I’ve indexed the whole lot at present within DT. This is great - with the 90% that have searchable text I can find similar files, set up groups, and generally organise myself. However, there’s still the 10% of files I’ve indexed that are scanned images, and understandably DT doesn’t do a good job of indexing these.

In an ideal world I’d now get DT to identify these, and reindex them by using OCR. I guess this is asking a lot though. If this isn’t possible, is it possible to manually re-index the files one at a time using the OCR facilities, or do I have to import these files in order to be able to get OCR to work?
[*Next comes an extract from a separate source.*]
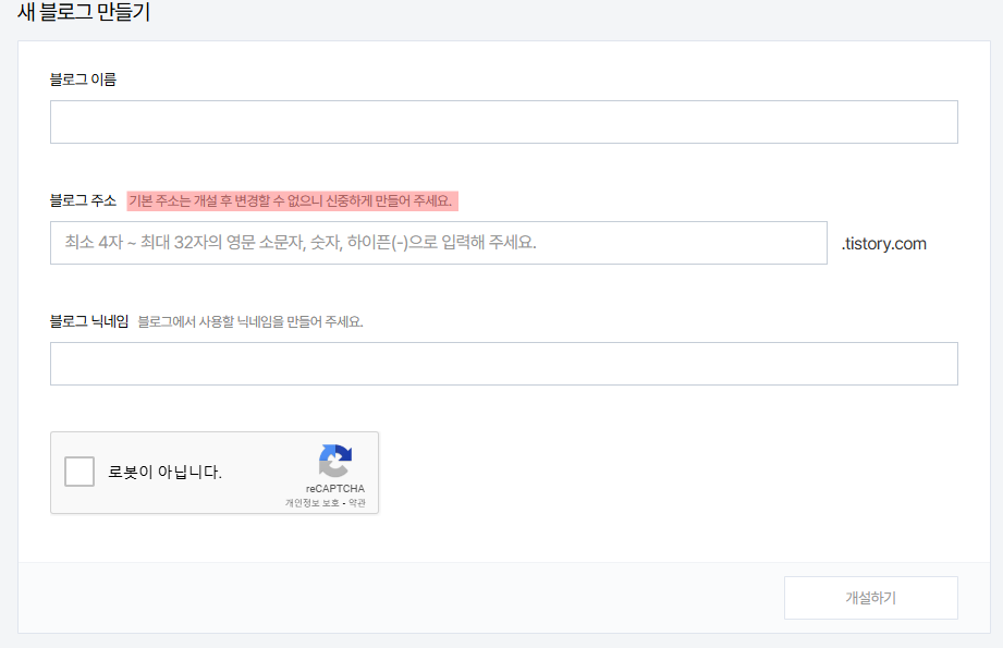 사용할 블로그 이름, 블로그 주소, 블로그 닉네임을 차례로 기입하여 준 후 로봇이 아닙니다를 체크하여 개설하기를 눌러줍니다.

Thanks to everyone for any help, and apologies if these kind of dumb questions have been asked before - I’ve had a search through the forums and couldn’t find them.

Best wishes,

Ian

This has been discussed before on the forum. You can make a Smart Group that lists PDFs of type “PDF” and not “PDF+Text” and select them and use “Data > Convert > to Searchable PDF”. Make sure not to set attributes on them (see the OCR preference pane) so that they can be batch processed.

There is also a script that does this on the DEVONacademy.
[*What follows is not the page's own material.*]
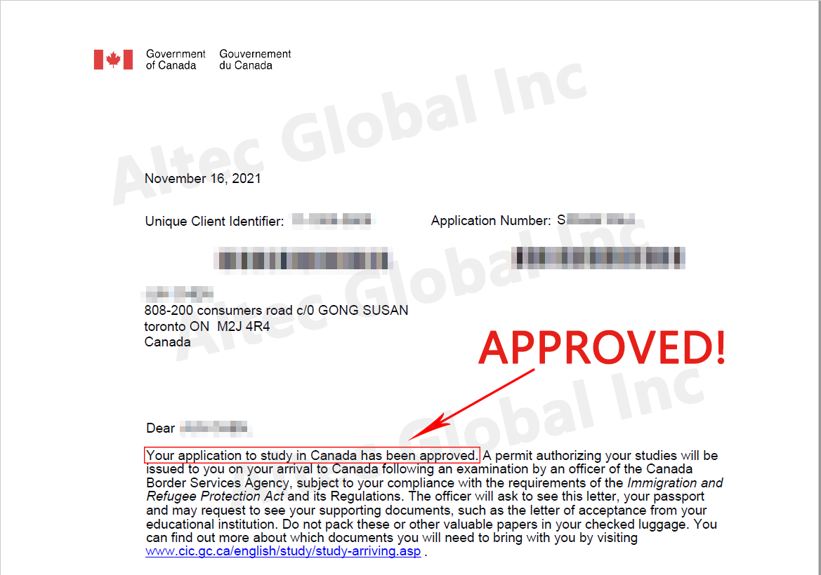 20211126 A Study Permit Application Approved with Altec Assistance

Ian, you can identify the image-only PDFs that need OCR by sorting by Kind. Image-only PDF Kind = PDF. Searchable PDF Kind = PDF+Text.

You can sort by Kind in the History view (Tools > History) or in the All PDF smart group. If the Kind column doesn’t already exist, add it to the view using View > Columns and check the Kind option.

If you select an Index-captured PDF and use Data > Convert > to Searchable PDF on it (and have set Preferences > OCR to delete the original), a new searchable PDF will be created in the database and the original Index-captured PDF will be deleted. If you wish to retain the PDF as Index-captured, you would need to export the searchable PDF, replace the original PDF in the Finder and reindex it into the database (and delete the searchable copy that already exists). If you have a number of image-only PDFs to convert, you might experiment with various workflows until you find a satisfactory one.

Thanks very much for getting back to me so quickly. This has worked incredibly well - even for my hand-scanned pdfs which were the wrong way around. I’m pretty impressed.

I’ve still got one small problem. Some pdfs for particular journals come with a few arbitrary words stamped on them (all rights reserved 2000, for example, being put at the bottom of each page), but with the rest of the pdf being made up of images only. DTP is recognising these files as PDF+text, which they kind of are, but as a result this misses out all the ‘real’ text. I haven’t found a way of getting DTP to scan these files from scratch to incorporate them properly. Is there a way to do this?

Thanks again for your earlier help.

Ian

You can do Data > Convert > To Searchable PDF even if the file is already of Kind “PDF+Text”.

Nick

Thanks (again). I see now - DT was doing the OCR in the background and converting the file without telling me. When I open the ‘OCR activity’ I can see it doing the work.

Best,

Ian

You can actually make another Smart Group where you use the word count of files of type “PDF+Text” as a way to find possible candidates.